Wedgewood Factory at Etruria

A view of the Wedgewood Pottery factory at Etruria is shown opposite.

Many manufacturing companies were family businesses and relatively small when compared with similar business enterprises overseas. In particular industries involved in the production of cotton, linen, silk were dominated by families. Small and larger manufacturing enterprises including engineering were also family owned and operated in such diverse industries as brewing, cutlery, pottery alongside thousands of workshops producing specialised products and artefacts particularly around Birmingham and Manchester. The culture of the family was apt to be very protective and secretive towards their manufacturing techniques and they were generally reluctant to cooperate and form associations with other similar based manufactures and this again was in stark contrast with companies in Europe.
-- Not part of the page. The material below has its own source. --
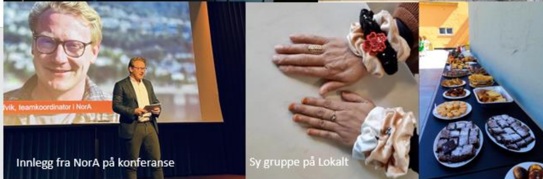
Innlegg fra NorA på konferanse

This secretive attitude was also evident in the way companies would avoid or be reluctant to register and patent their products for fear of plagiarism. This attitude impeded further development of a company’s products and restricted its product range and as a result this constrained the future growth of the company so maintaining the overall profile of small companies in Britain. Many businesses on the continent and the US took the opposite approach and many became very large with world wide brands and product differentiation which ultimately gave them a competitive edge over England towards the end of the 19th century. In fact this reluctance and propensity for secrecy about their industrial processes eventually became counterproductive as continental countries began to develop and manage technology in a more systematic way compared with England.
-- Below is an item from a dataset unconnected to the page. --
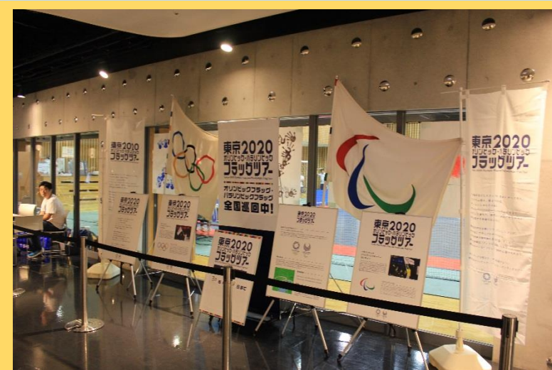
東京2020 オリパラ ブース

The relatively small size of the companies also had a negative impact on marketing and sales activities especially abroad. The home market was very buoyant and effective sales and marketing were relatively easy and this contributed to the culture of complacency and indifference but the overseas sales were very different and soon declining sales highlighted weaknesses in the sale techniques adopted by England companies. Because companies were relatively small they were inevitably reluctant to invest in dedicated sales teams based overseas instead preferring to use agents and agencies who also worked on behalf of other companies so no real loyalty and commitment existed with these agents and often there were issues of conflict of interests. As competition increased from continental countries and the USA the weaknesses inherent in the way sales and marketing of British products operated began very apparent. The USA and Germany developed networks of sales organisations dispensing with agencies and agents. The inability and resistance to learn and speak the languages of overseas customers, the reluctance to carry out market research to assess customer needs and the continued use of sales/marketing agents all contributed to the loss of market share from the mid 19th century.
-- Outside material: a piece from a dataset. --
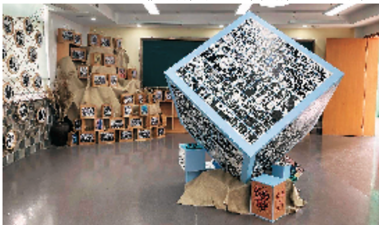
嘉兴市南湖区余新镇中心小学渔里美术馆
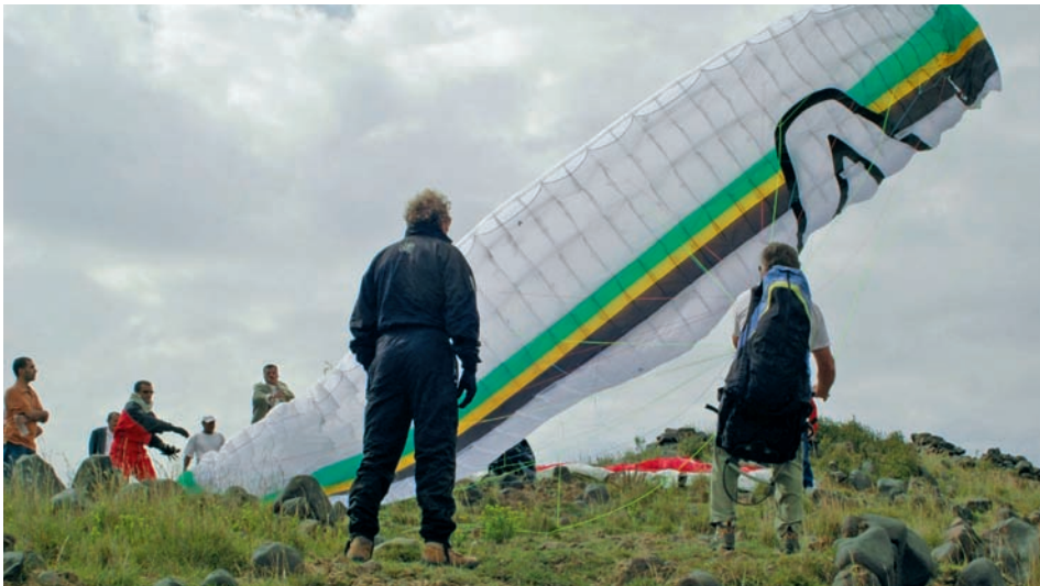
Viele helfende Hände

Another factor that reflected weak management was the poor relationships that existed between workers and managers coupled with the opposition to unions and union membership that were strongly discouraged. Commercial, business and management education was virtually non-existent during most of the 19th century and was even less developed than technical education. I will consider the development of business and management education in later chapters.

Cottonopolis1                                                                   Glasgow. Industrial Revolution

Two typical views of an industrial site during the Industrial Revolution are shown above the one on the right is in Glasgow – note the high level of smoke pollution. One fascinating factor that reflects the basic hostility towards industry and technical education is explored by Wiener (1) and others namely the influence of class and social stratification. In Britain there had always been reluctance among the gentry and upper classes to send their sons into industry preferring them to enter banking or merchants’ offices. What is particularly interesting is the manner in which the first generation of successful industrialists behaved towards the education of their children. They invested their fortunes in massive country estates and did all possible to be recognised, accepted and assimilated into the upper echelons of English society. This most certainly included sending their sons to Eton or other public schools and Oxbridge and upon graduating they entered the family business ill – prepared to be part of the business lacking the necessary experiences, knowledge, skills and the techniques associated with the industrial processes, technological and scientific concepts and management of the business. Even more interesting is that many did not return to the business but went into the perceived more cultured and dignified environments of law, politics, religion and the other learned professions. The same negative view of technical/practical activities gradually permeated to the middle classes who readily adopted the mores of the upper classes and developed a distinct set of prejudices towards practical and technical pursuits, science, mathematics and technology. These negative attitudes still exists today. One only has to see the current problems with recruiting people in these subjects into colleges and universities. These deeply held attitudes and prejudices most certainly demonstrate the destructive effect of class attitudes and negative perceptions that persist even to day in some quarters of society.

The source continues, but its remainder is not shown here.